31 июля 1942 года было объявлено построение личного состава полка. Начальник штаба Датский зачитал приказ командира дивизии о назначении командиром 16-го гвардейского истребительного полка штурмана Исаева. Летчики лишь недоуменно переглядывались. Все понимали, что Исаев по своим деловым качествам и летной подготовке для этой должности явно не подходил, тем более в такое напряженное время. В полку осталось пятнадцать летчиков и столько же потрепанных в боях «Яков».

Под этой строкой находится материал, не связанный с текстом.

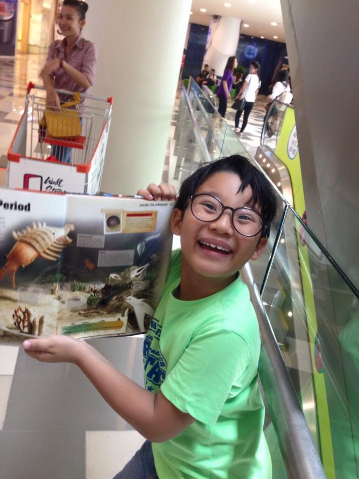 | Ông bố hai con chia sẻ hình ảnh phấn khích của Tê Giác khi "tậu" được quyển sách mới trên trang cá nhân. Cậu cả nhà Hoàng Bách đặc biệt thích đọc sách. |
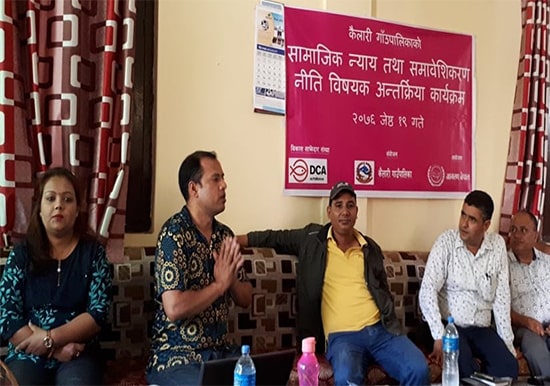 Jagaran Nepal has conductedone day’s Workshop on Social Justice and Inclusive Policy of Local Government under WoRLD Project of DCA. The program was carried out on 3rd June 2019 at Gauriganga Municipality and 4th June 2019 at Kailari Rural Municipality in the participation of GaurigagaMun – Mayor Bhim Bahadur Deuba, Deputy Mayor AnchalaChaudhary,Kailari rural Municipality Chair Person -LajuramChaudhari, Deputy Chair head – laxmiSatgauwaTharu and respective local government’s legislative members of and government staffs as well.
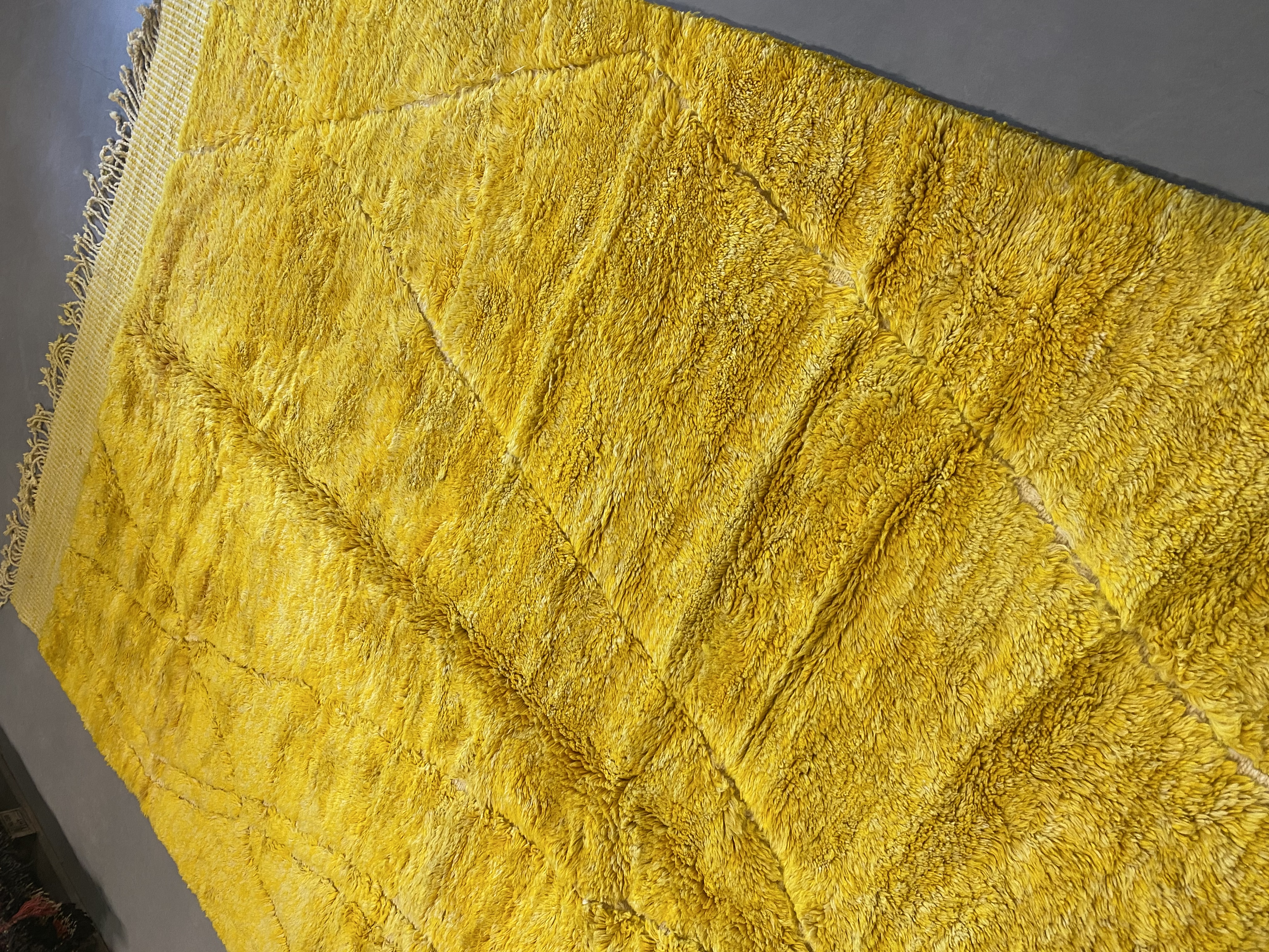 Beni Ourain is a group of 17 Berber tribes that traditionally inhabits the Atlas Mountains of Morocco. Our Beni Ourain rugs possess a spirit and a character, a real berber rug straight from the Atlas. It is a reflection of the daily life of the women that make it. Most of our vintage Beni rugs are cream(ivory) in color, although differences in the tone are found depending on the sheep’s color. They are considered to be the most prestigious rugs in Morocco, made from the very finest wool.
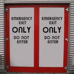Keywords: emergency exit output door closed exit no entry note shield warning attention

Исаев, вероятно, и сам был не рад этому назначению, поскольку опасался, что может не справиться с новыми обязанностями. Но приказ есть приказ, его нужно выполнять, и вместо того, чтобы попытаться найти душевный подход к воздушным бойцам, к лидерам, какими были Крюков, Фигичев, Покрышкин, опереться на их опыт и знания, он решил зайти с другой стороны. Уже на первом построении он заявил, что намерен выбить из коллектива «ивановские привычки» и навести дисциплину.

Большей бестактности, чем это заявление, придумать было невозможно, и первым, кто по этому поводу возмутился, был, конечно, Покрышкин. Быстро сообразив, что сморозил глупость, новый командир полка скомкал разговор, но оба ясно поняли: хорошим отношениям между ними не бывать.

Исаеву вскоре присвоили звание майора.

Через несколько дней в районе станицы Гетьманской, уже на Северном Кавказе, Покрышкин с четверкой товарищей, не спрашивая у Исаева разрешения – что тут спрашивать, он бы все равно не разрешил, – организовал воздушную засаду.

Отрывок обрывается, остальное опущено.